Aim of the task: Each line of the data must be written out again verbatim; no image belongs in the copy.

Stored items:

________

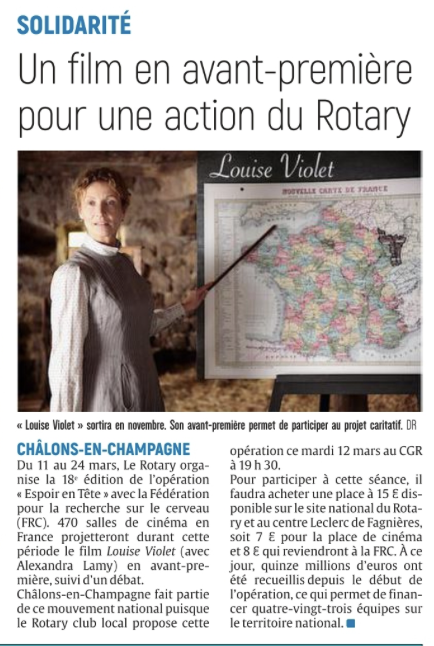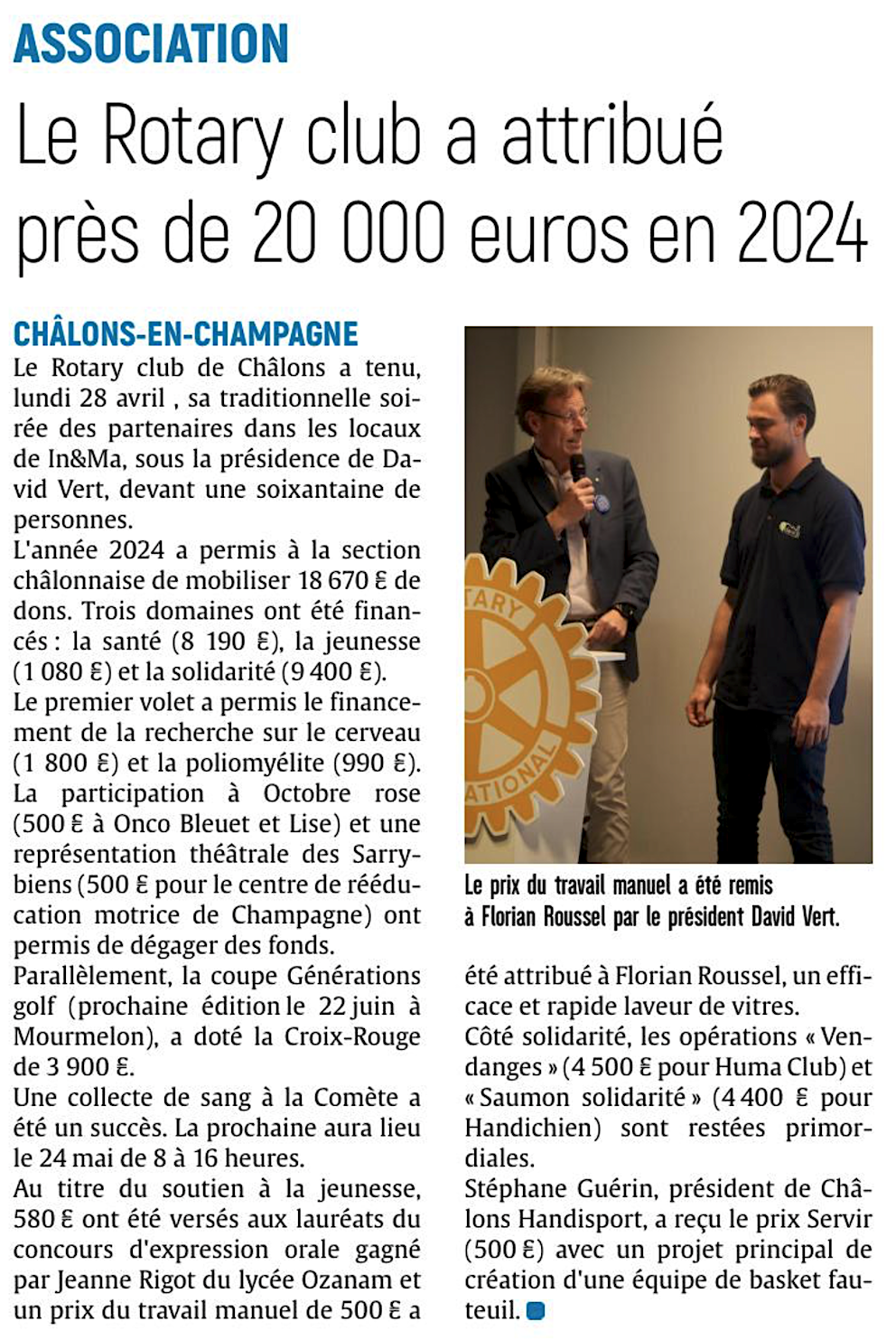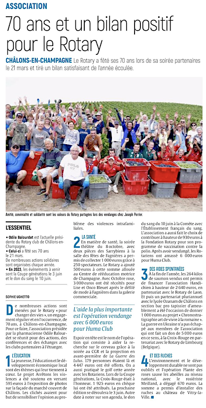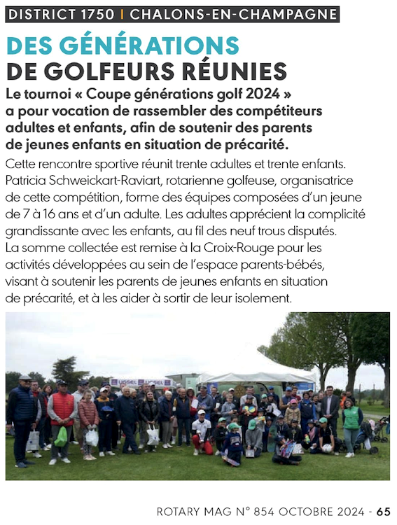 LES ARTICLES DE PRESSE 2021 Vendanges 2021 Un cabaret pour le CNAC 2022 Gala caritatif 2022 Le chien Prof 2022 Un défilé qui fait sensation 2022 Un film pour le cerveau 2022 70 ans de Rotary 2022 Le dernier Châlons… 2024 Espoir en Tête 2024 Du golf pour la bonne cause 2024 David Président 2024 Article le Rotarien golf 02-05-2025 Soirée des Partenaires 02-07-2025 Générations Golf 14-10-2025 Concert F. Attesti RETOUR AUX ACTUS DU CLUB
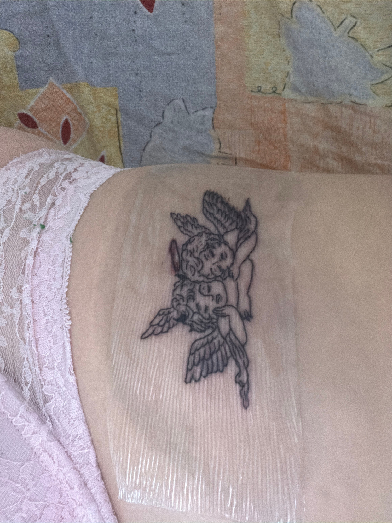 A close-up, indoor shot reveals the left side of a person's torso, featuring a freshly applied tattoo covered by a transparent protective film. The tattoo, rendered in black ink, depicts two winged ch…read more
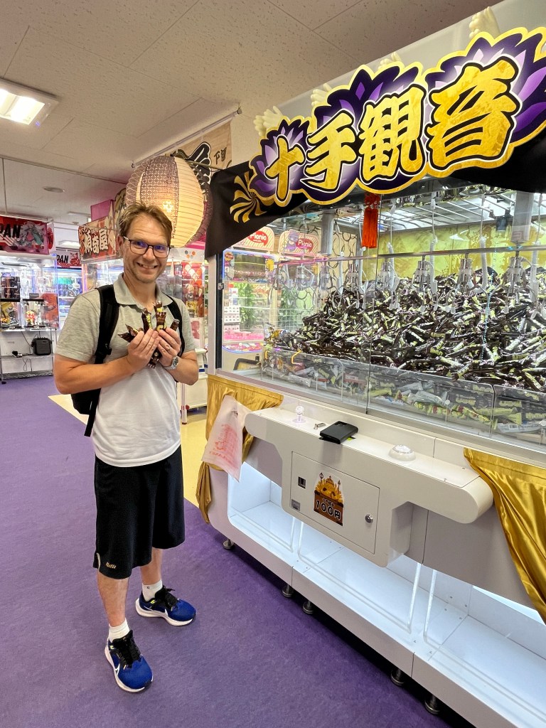 We wander around a bit more and decide to visit all the different arcades in the mall. Cheye plays a claw machine that has 10 claws.
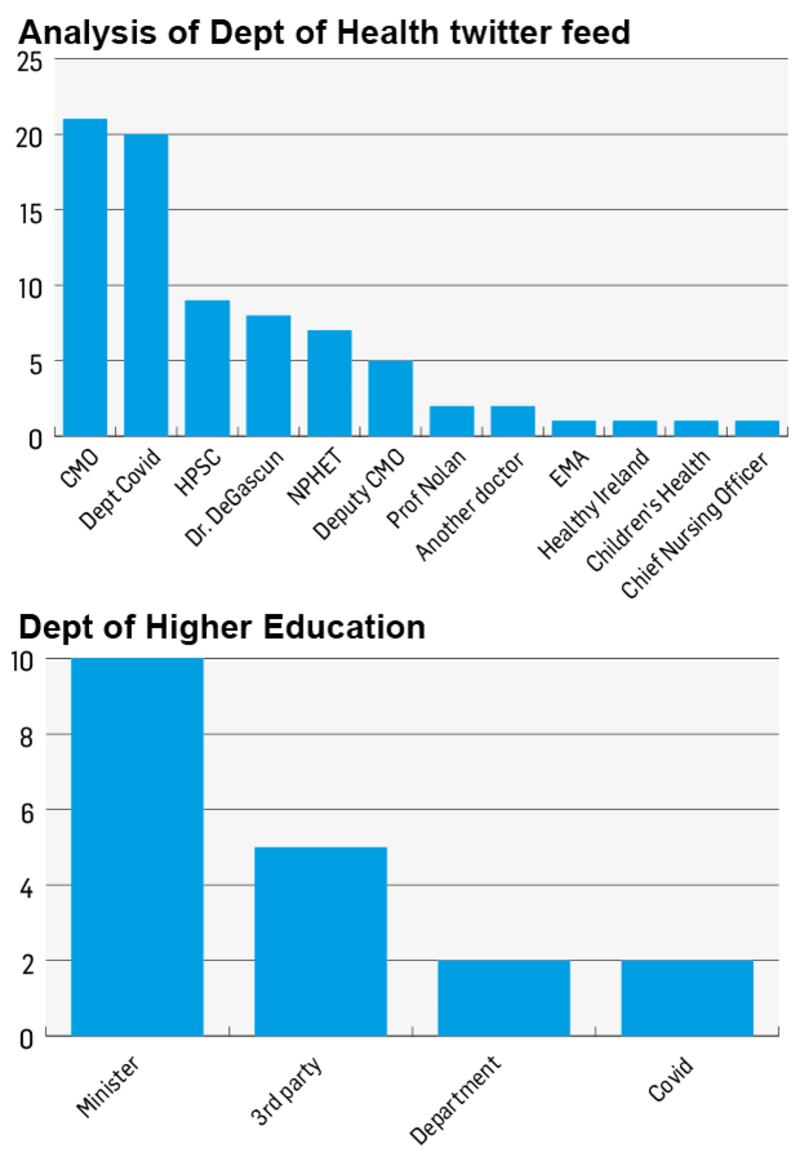 Mr Donnelly was not mentioned in any of the Department of Health’s tweets checked, according to the analysis. The period assessed is not revealed.
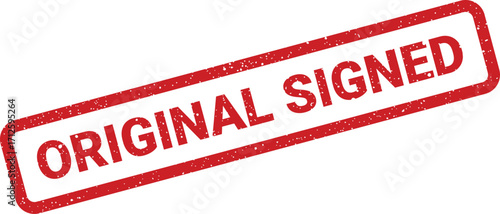 Red original signed rubber stamp with grunge effect for legal documents
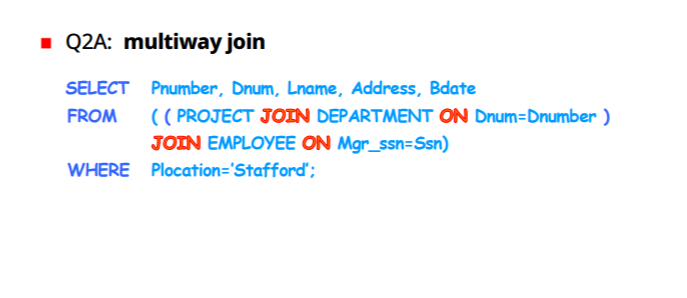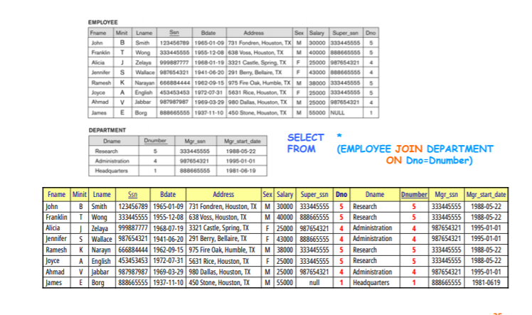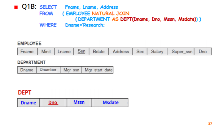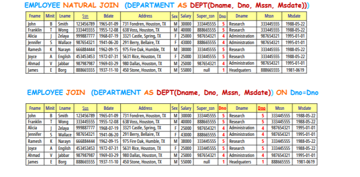 Dno와 Dnumber끼리 natural join 발생, natural join시 attribute 이름이 같지 않다면 같게 바꾸어야 한다.natural join시 결과가 중복이 없기때문에 깔끔해지고 찾기 편해진다.
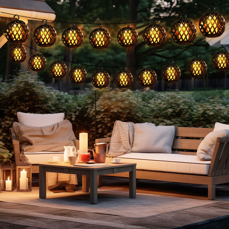 Descrizione Queste lucine solari con sfere di plastica nere sono una bellissima aggiunta al tuo giardino, patio o balcone. Grazie al grado di protezione IP44, potrai posizionare questa catena di luci all'aperto senza alcuna preoccupazione. Otto luci (diametro 8 cm ciascuna) più il cavo hanno una lunghezza totale di 2 metri. Le lampadine cilindriche a LED bianche all'interno delle lanterne sono alimentate ad energia solare (colore della luce 2500 Kelvin) e donano al vostro spazio esterno una piacevole atmosfera come a lume di candela. Le lampadine a LED sono installate in modo permanente nelle luci. La fornitura comprende tre lucine, ciascuna con otto palline. Lampada dettagli • Tipo di lampada: lucine solari • Materiale: plastica • Colore nero • Effetto fuoco • 8 palline • Interruttore • Tempo di illuminazione: 6-8 ore • Batteria: 1x AA, 400 mAh, Ni-Mh, 1,2 V • Grado di protezione: IP44 • Distanza 20 cm • Diametro x lunghezza in cm: 8x200 • Sorgente luminosa: 8x LED • Lampadine

________

Problem solution:
 LES ARTICLES DE PRESSE 2021 Vendanges 2021 Un cabaret pour le CNAC 2022 Gala caritatif 2022 Le chien Prof 2022 Un défilé qui fait sensation 2022 Un film pour le cerveau 2022 70 ans de Rotary 2022 Le dernier Châlons… 2024 Espoir en Tête 2024 Du golf pour la bonne cause 2024 David Président 2024 Article le Rotarien golf 02-05-2025 Soirée des Partenaires 02-07-2025 Générations Golf 14-10-2025 Concert F. Attesti RETOUR AUX ACTUS DU CLUB
 A close-up, indoor shot reveals the left side of a person's torso, featuring a freshly applied tattoo covered by a transparent protective film. The tattoo, rendered in black ink, depicts two winged ch…read more
 We wander around a bit more and decide to visit all the different arcades in the mall. Cheye plays a claw machine that has 10 claws.
 Mr Donnelly was not mentioned in any of the Department of Health’s tweets checked, according to the analysis. The period assessed is not revealed.
 Red original signed rubber stamp with grunge effect for legal documents
 Dno와 Dnumber끼리 natural join 발생, natural join시 attribute 이름이 같지 않다면 같게 바꾸어야 한다.natural join시 결과가 중복이 없기때문에 깔끔해지고 찾기 편해진다.
 Descrizione Queste lucine solari con sfere di plastica nere sono una bellissima aggiunta al tuo giardino, patio o balcone. Grazie al grado di protezione IP44, potrai posizionare questa catena di luci all'aperto senza alcuna preoccupazione. Otto luci (diametro 8 cm ciascuna) più il cavo hanno una lunghezza totale di 2 metri. Le lampadine cilindriche a LED bianche all'interno delle lanterne sono alimentate ad energia solare (colore della luce 2500 Kelvin) e donano al vostro spazio esterno una piacevole atmosfera come a lume di candela. Le lampadine a LED sono installate in modo permanente nelle luci. La fornitura comprende tre lucine, ciascuna con otto palline. Lampada dettagli • Tipo di lampada: lucine solari • Materiale: plastica • Colore nero • Effetto fuoco • 8 palline • Interruttore • Tempo di illuminazione: 6-8 ore • Batteria: 1x AA, 400 mAh, Ni-Mh, 1,2 V • Grado di protezione: IP44 • Distanza 20 cm • Diametro x lunghezza in cm: 8x200 • Sorgente luminosa: 8x LED • Lampadine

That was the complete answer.